Scientific supervisor: Vladimir P. Barannikov, Doctor of Chemical Sciences, Senior Researcher, Head of Laboratory at ISC RAS.
Official opponents:
Supervising organization: Ivanovo State University of Chemistry and Technology.
Abstract
The work is aimed at solving a current scientific problem of establishing regularities in how the structure and ion state of dipeptides affect the characteristics of their interaction with anionic micelles and configuration of the resulting complexes, which is important for the development of physical chemistry of solutions of biologically active compounds.
The research expands the understanding of the mechanism of interaction between anionic micelles of sodium dodecyl sulfate and a variety of ionic forms of dipeptides containing additional hydrophilic charged side groups or hydrophobic alkyl groups of different length and branching.
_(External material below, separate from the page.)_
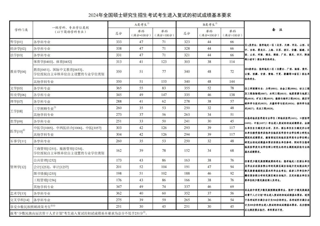 根據(jù)2024年全國碩士研究生招生考試考生進入復試的初試成績要求,我校制定碩士研究生招生考試復試分數(shù)線:
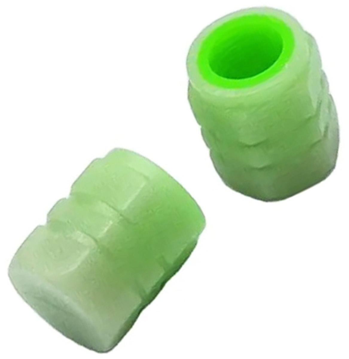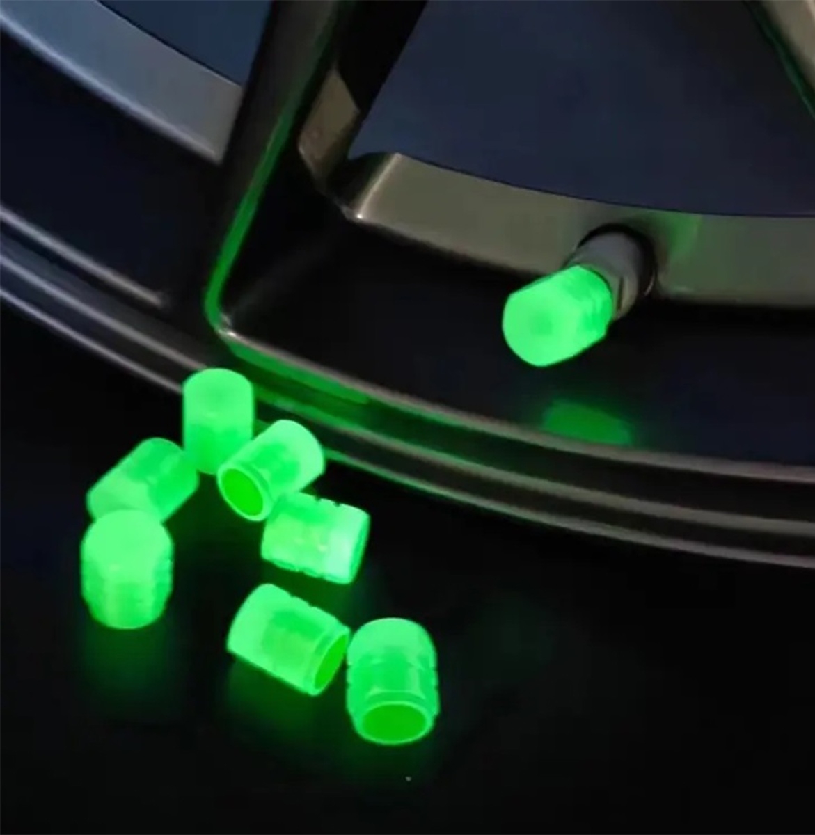 Dviejų fluorescencinių automobilio dangtelių rinkinys. Šviečia žaliai, todėl ratai atrodo patraukliai tamsoje. Suderinamas tik su automobilių vožtuvais – netinka dviračio ratams.

The results are confirmed by experimental studies and computer simulation data. The researcher has also identified the regularities of the influence of the interactions on binding with an anionic micelle: ionic form, dipeptide structure, and nature of additional side groups (presence or absence of hydrophilic and hydrophobic side groups and their branching).
Theoretical significance of the study
The author has proven the existence of hydrogen bonds between peptides and head groups of micelles and evaluated the average number of the bonds formed, the influence of branching of amino acid radicals and the number of reaction sites on the orientation in micelles of peptides with the same charge. She has also shown that on the surface of anionic micelles the dipeptides are localized inside the double electric layer.
A complex of experimental research methods has been used in the work, including solution calorimetry, dynamic light scattering and NMR, as well as quantum chemical calculations and molecular dynamics simulation. New results have been obtained concerning the effect of concentration, ion state, and structure of peptides on the enthalpy of interaction with sodium dodecyl sulfate micelles, their averaged diameters and zeta-potentials, the influence of electrostatic forces, hydrogen bonding, hydrophobic effect, and nature of side groups on the binding of dipeptides with anionic micelles and the structure of the micellar complexes formed.
Practical significance of the study
The author has developed an experimental procedure for studying peptide-micelle interactions based on maintaining a constant concentration of surfactants and varying the peptide concentration. The procedure makes it possible to determine the interaction characteristics excluding the overlapping of micelle restructuring due to the changes in surfactant concentration. The new quantitative characteristics determined by the researcher allowed her to identify regularities in the interaction between peptides of different structures and anionic micelles of sodium dodecyl sulfate: enthalpies of interaction unaffected by micelle restructuring with changes in the surfactant concentration, averaged diameters and zeta-potentials of micelles in the presence of peptides; the most stable configurations of complexes comprised of a fragment of an anionic micelle of sodium dodecyl sulfate and peptides of different structures, position and orientation of zwitter-ions and multipole ionic species of dipeptides bound to the anionic micelle. In addition, the researcher has presented possible areas of application of the study results for modeling interactions of pharmacologically active dipeptides of aliphatic and carnosine series with biological membranes and developing new compositions for food and cosmetic products.